Dalam perkembangan selanjutnya, pengamat politik melihat berbagai fenomena politik menunjukkan arah kecenderungan tersebut. Pembentukan koalisi pemerintahan yang sangat gemuk, melemahnya oposisi politik, distribusi jabatan publik berbasis kompromi elite, hingga praktik bagi-bagi kue kekuasaan menjadi gejala yang semakin lazim dalam demokrasi pasca reformasi. Perbedaan ideologis antarpatai politik menjadi semakin kabur karena orientasi utama politik bergeser pada upaya melanggengkan kekuasaan atau mempertahankan akses terhadap sumber daya negara dan kekuasaan politik. Dalam situasi demikian, hubungan antarpatai tidak lagi sepenuhnya bersifat kompetitif, tetapi cenderung kolaboratif dalam kerangka mempertahankan kekuasaan dan pembagian kekuasaan.
Fenomena yang penulis paparkan di atas mengindikasikan adanya kecenderungan berkembangnya politik kartel dalam demokrasi Indonesia. Politik kartel pada dasarnya merujuk pada situasi ketika partai-partai politik yang seharusnya bersaing justru membangun pola kolusi dan kerja sama demi menjaga kepentingan bersama. Kompetisi politik tidak dihilangkan sepenuhnya, tetapi dikendalikan agar tetap berada dalam batas yang tidak mengancam stabilitas elite politik yang berkuasa. Dalam sistem semacam ini, partai-partai politik cenderung berbagi akses terhadap sumber daya negara melalui distribusi jabatan politik, kompromi kebijakan, maupun pengelolaan kekuasaan secara bersama.
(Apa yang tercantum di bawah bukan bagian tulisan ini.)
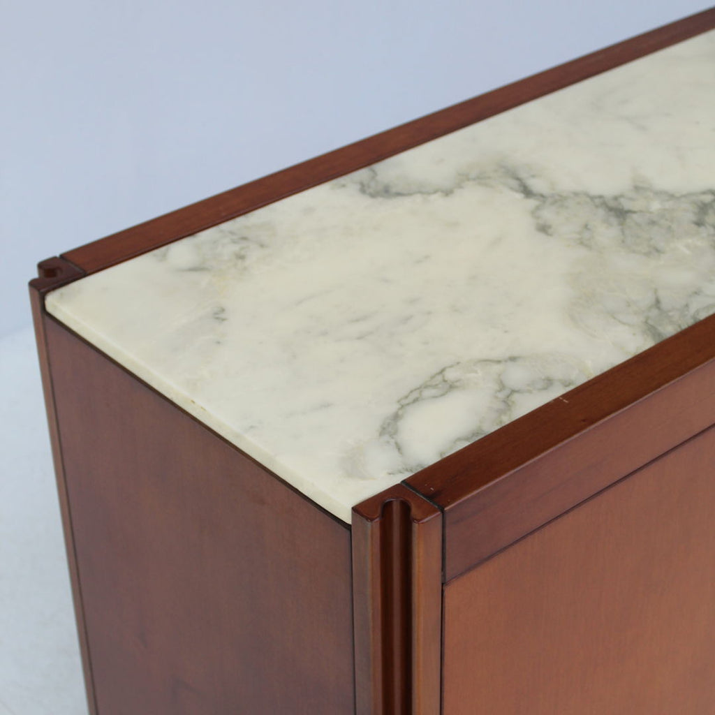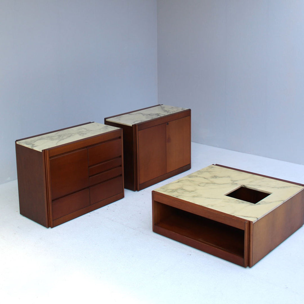 Model 4D Sideboard set and coffee table designed by Angelo Mangiarotti for Molteni, 1960s. Marble top and solid walnut wood. Wheels underneath each piece.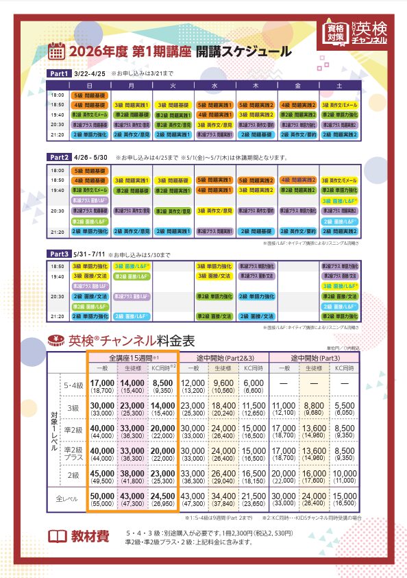 英検®の試験日程をターゲットに、15週間で合格を目指します!!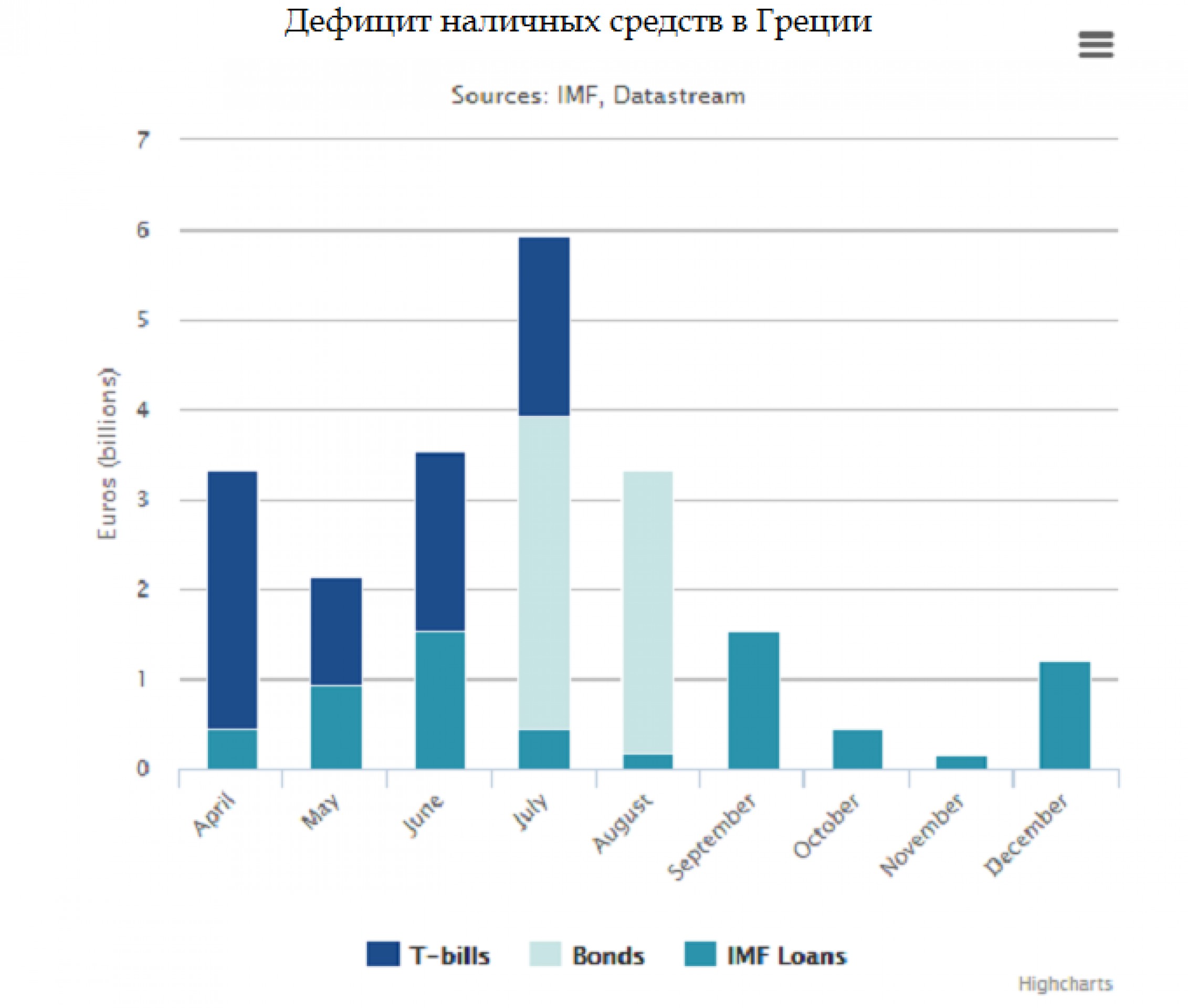 И хотя власти не хотят официально объявлять дефолт МВФ, министр внутренних дел Греции Никос Вуцис заявил следующее: "Мы с августа не получили ни одного евро. В мире нет ни одной страны, которая может погасить свои долговые обязательства за счет собственных ресурсов, не привлекая кредитов.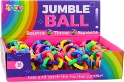 Kleurige bal Jumble Ball is het ideale speelgoed voor kinderen en volwassenen die op zoek zijn naar antistressplezier. Gemaakt van elastische, zachte banden die een driedimensionaal net vormen, biedt hij een prettig tactiel gevoel en stimuleert activiteit.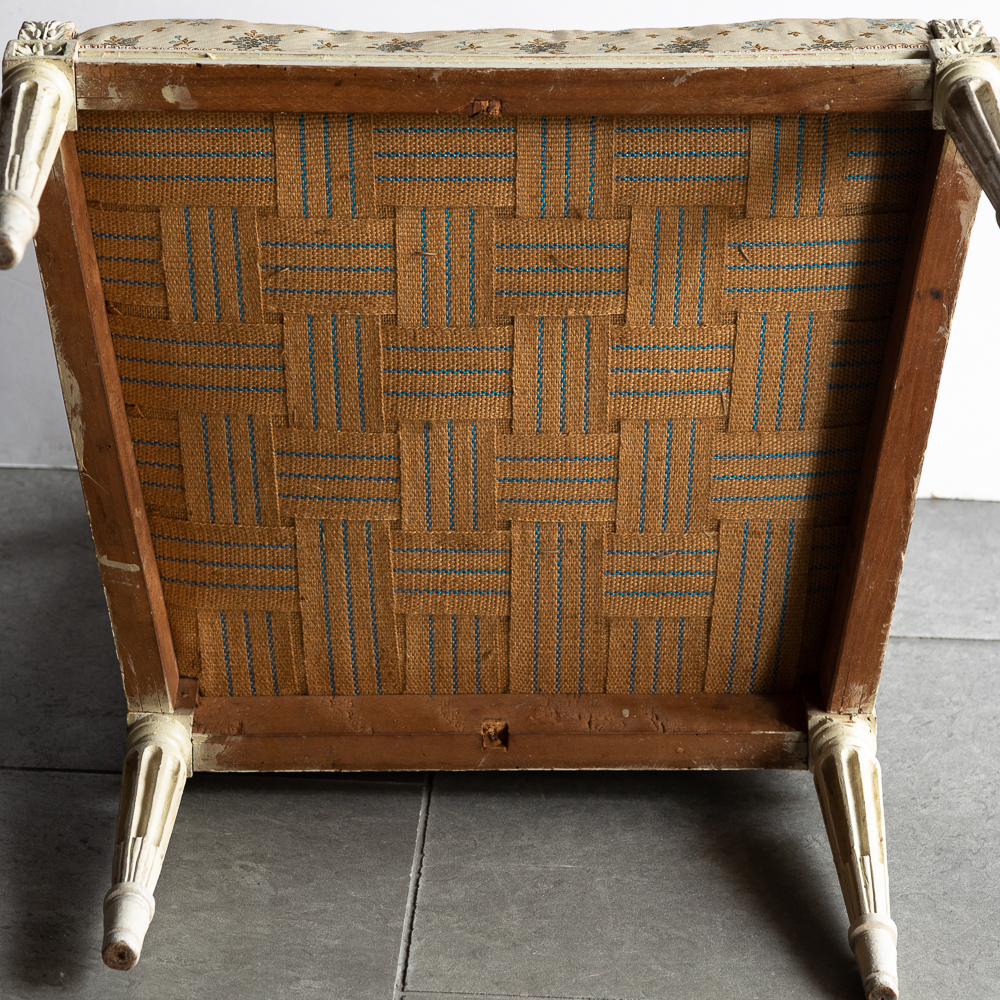 SET OF SIX 18TH CENTURY PAINTED FAUTEUILS Carved beech armchairs with square backs, fluted legs and acanthus decoration on the arms.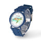 かわいい,男の子,フローラ,ウミガメ,動物の水の色の腕時計。完子供へ全。お子様の名前でカスタマイズする。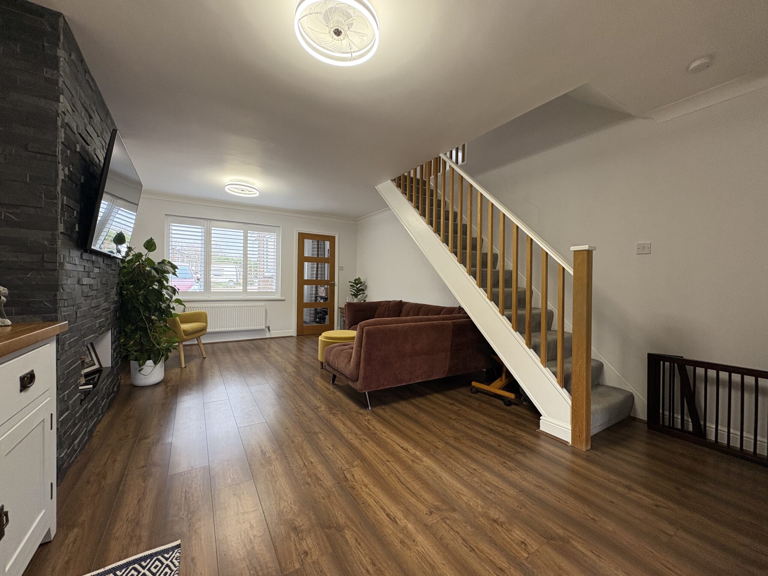 Laminate flooring. Staircase leading to first floor. Window to front aspect. Radiator. Bifold doors leading to Kitchen/Diner.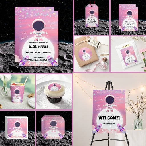 Mit der Pink Outer Space Little Explorer Baby Shower Kollektion lassen Sie sich in ein wahres Fest stürzen! Mit traumhaften himmlischen Designs, pastellrosa Farbtönen und sternenförmigen Akzenten ist diese Kollektion perfekt, um das große Abenteuer Ihres Kleinen zu würdigen. Wenn Sie ein anderes passendes Produkt oder eine Anpassung benötigen, wenden Sie sich bitte per E-Mail an Zazzle.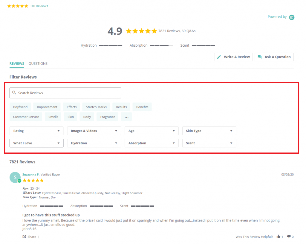 でレビューを並べ替え、同様のニーズを持つ過去の購入者のコンテンツを表示できるようにしました。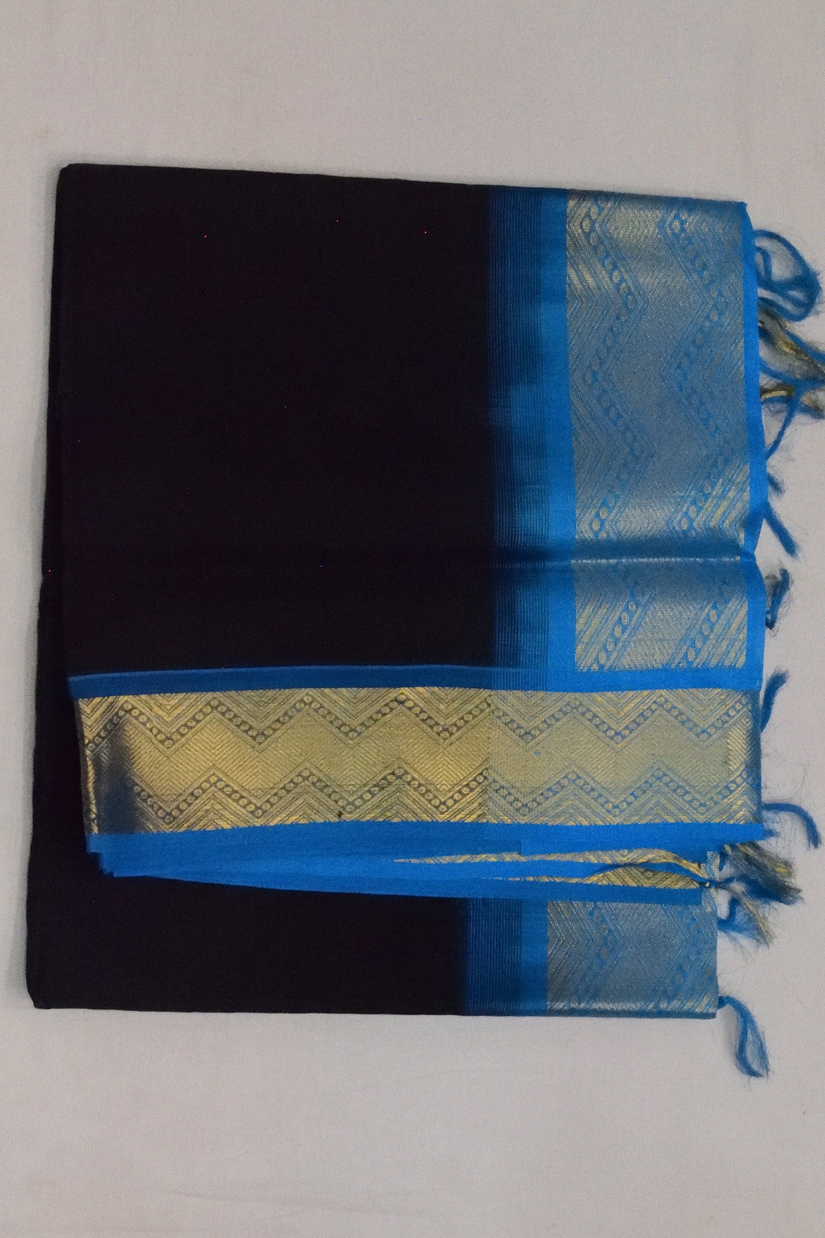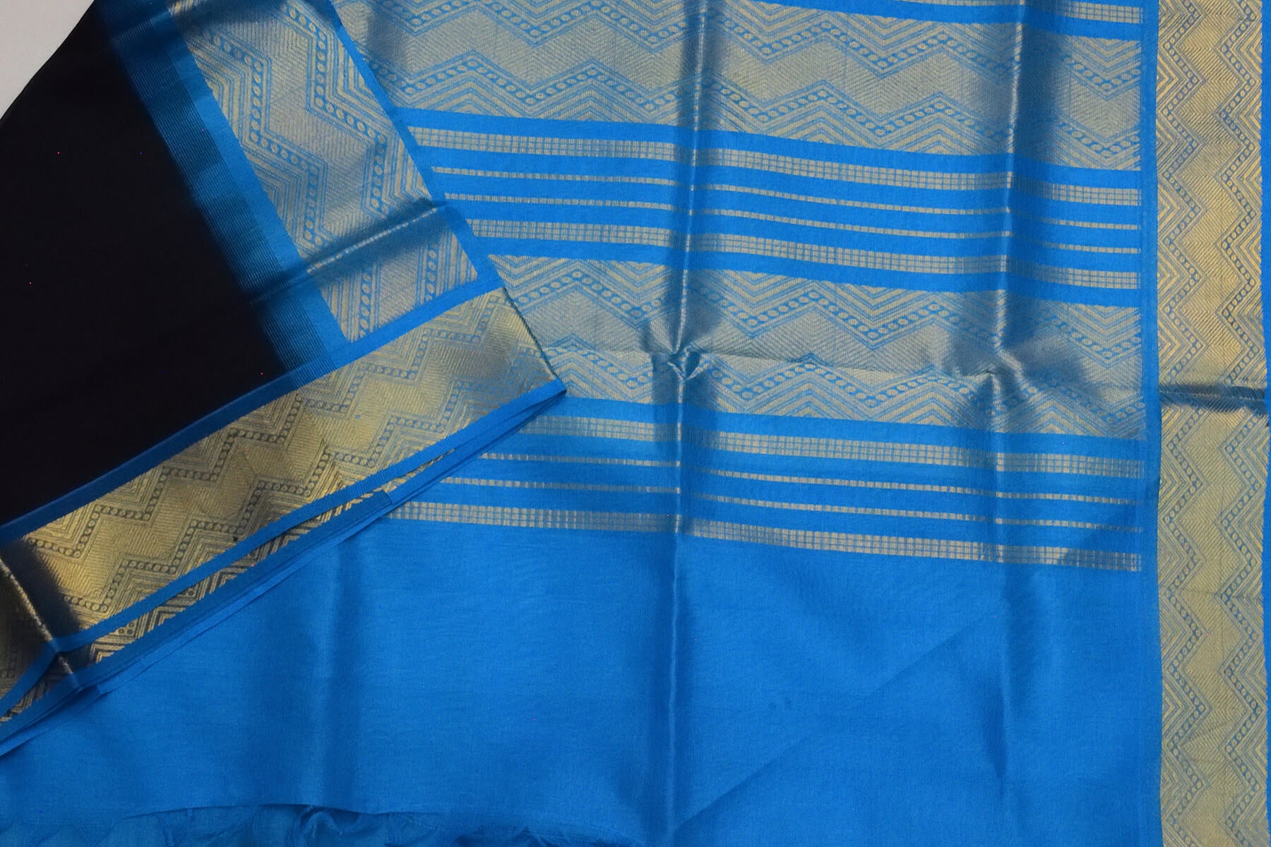 Description : Handloom Kanchi silk cotton saree in black & blue

Praktik politik kartel dan berbagai bentuk kolusi politik di Indonesia pada dasarnya merupakan bagian dari warisan struktur politik Orde Baru yang bercorak otoriter-korporatis. Selama lebih dari tiga dekade kekuasaannya, rezim Soeharto membangun sistem politik yang memadukan kontrol kekuasaan yang kuat dengan jaringan patronase ekonomi yang luas. Kejatuhan rezim Orde Baru pada tahun 1998 tidak serta-merta menghapus struktur oligarki yang telah mengakar dalam kehidupan politik Indonesia. Sebaliknya, struktur tersebut justru beradaptasi dan mengalami transformasi dalam lanskap demokrasi pasca reformasi. Demokratisasi yang berkembang setelah 1998 memang membuka ruang bagi lahirnya sistem multipartai dan kompetisi elektoral yang lebih terbuka. Akan tetapi, perkembangan tersebut tidak sepenuhnya melahirkan persaingan politik yang sehat. Dalam praktiknya, partai-partai politik justru cenderung membangun pola kerja sama pragmatis yang mengarah pada pembentukan kartel politik. Akibatnya, partai politik yang seharusnya menjalankan fungsi representasi kepentingan publik sering kali berubah menjadi instrumen bagi kepentingan elite oligarkis (Rohmandar, 2025).
Demokrasi Indonesia pasca reformasi pada dasarnya tidak dapat dilepaskan dari kuatnya pengaruh oligarki dalam proses politik. Meskipun reformasi 1998 berhasil membuka ruang kebebasan politik melalui pemilu yang kompetitif, kebebasan pers, dan sistem multipartai, namun struktur kekuasaan ekonomi-politik yang terbentuk sejak era Orde Baru tidak sepenuhnya runtuh. Jeffrey Winters menjelaskan bahwa pasca reformasi Indonesia mengalami transformasi dari ruling oligarchy menuju civil oligarchy, yakni perubahan dari kekuasaan yang sebelumnya terpusat pada satu figur otoritarian menjadi kekuasaan yang tersebar di antara jaringan elite oligarkis. Dalam sistem tersebut, oligarki tidak lagi bekerja melalui dominasi tunggal negara, melainkan melalui penguasaan partai politik, media massa, pembiayaan politik, serta pengaruh terhadap proses elektoral, dalam bahasa sederhananya, kekuasaan tidak lagi terpusat pada satu figur seperti Soeharto, tetapi tersebar di antara elite ekonomi-politik. Akibatnya, demokrasi Indonesia secara prosedural tetap berjalan, tetapi dalam praktiknya sangat dipengaruhi oleh kepentingan elite ekonomi dan politik.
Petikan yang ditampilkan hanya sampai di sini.